Mushroom and Spinach in Creamy Parmesan Sauce with Angel Hair

We were looking for a quick, nutritious meal the other day, so we went to the pantry and the fridge to see what we had. A quick glance in the chill chest revealed an abundance of spinach and mushrooms, and a box of angel hair was about eye level in the pantry…so we figured those ingredients wanted to be used, and use them, we did.
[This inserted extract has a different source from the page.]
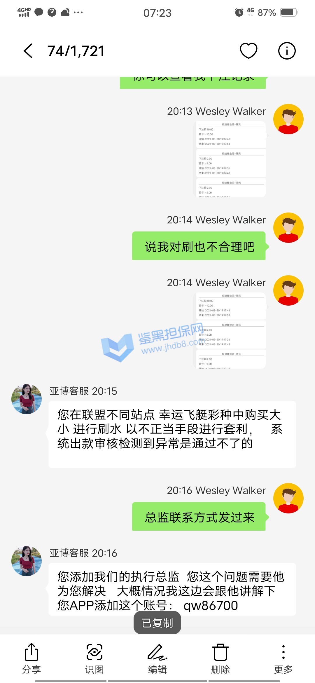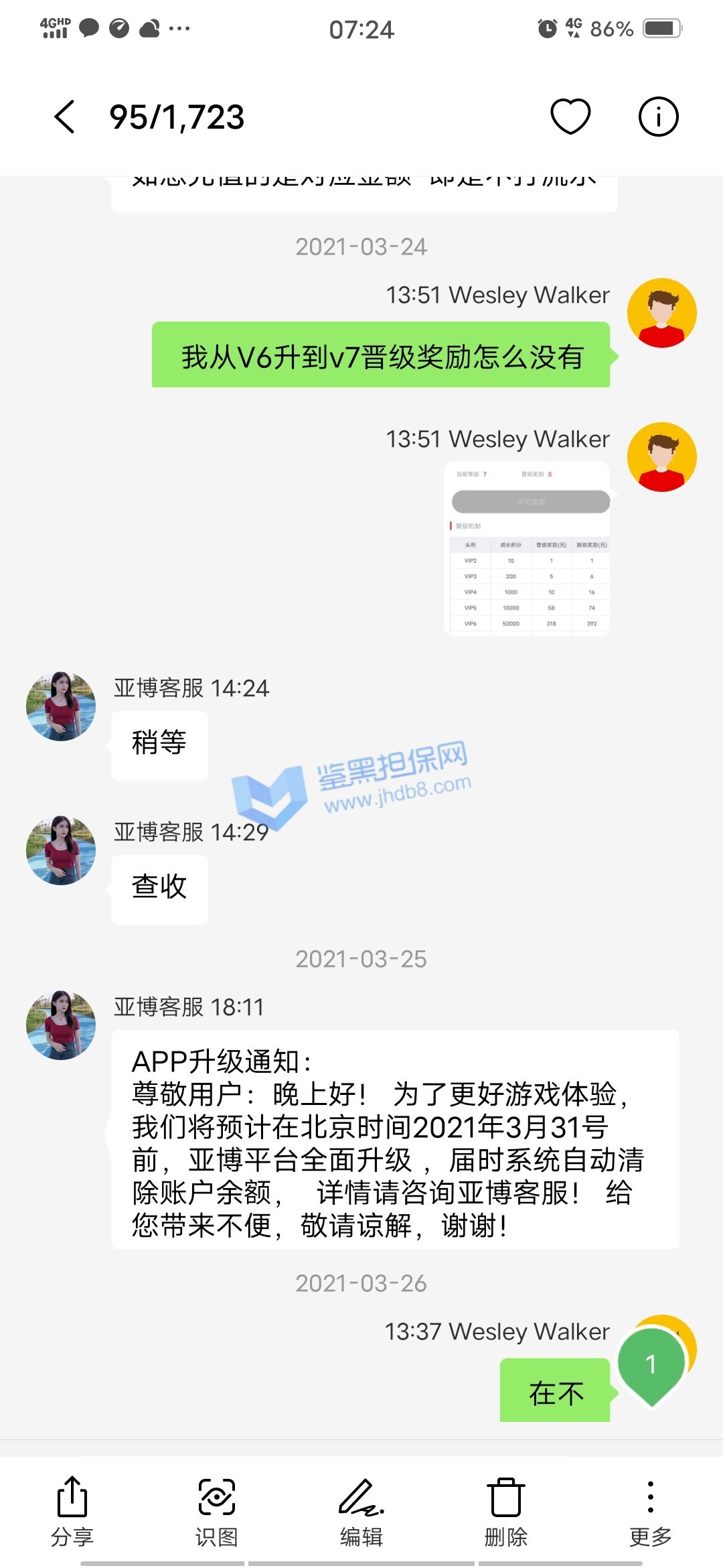 4.用户提交维权需为本人提交,若代替让人发布维权鉴黑担保网将拒绝受理;

We began by sautéing the mushrooms before wilting in some spinach and then making a creamy sauce with a Roux, milk, and fresh parmesan cheese. We then thickened the sauce and served it over angel hair for the win!

Time: 30 Minutes


  • Pasta of your choice. We used Angel Hair.
  • Mushrooms
  • Spinach
  • Garlic
  • Fresh Parmesan Cheese
  • Milk
  • Black Pepper
  • Oregano
  • 2 Tablespoons of Butter
  • 1-2 Tablespoons of All Purpose Flour


  • Bring a large pot of water (with a little olive oil and salt) to a boil.
  • As your water heats, slice your onions, and peel and slice your garlic.
  • Melt your butter in a large pan, and add in your garlic and onions. Sauté until your onions soften and begin to brown.
  • As your mushrooms cook, shred or slice your Parmesan.
  • Add in your spinach, oregano, and black pepper, and cook to wilt.
  • Stir in your flour until it’s fully incorporated into your veggies.
  • Pour in your milk, and add your cheese. Stir, and bring to a simmer to allow your sauce to thicken.
  • Add your angel hair to your water, and allow it to boil for a few minutes until it softens to your desired level. Then, drain the water, and plate your pasta.
  • Scoop your sauce over your pasta, devour, and enjoy!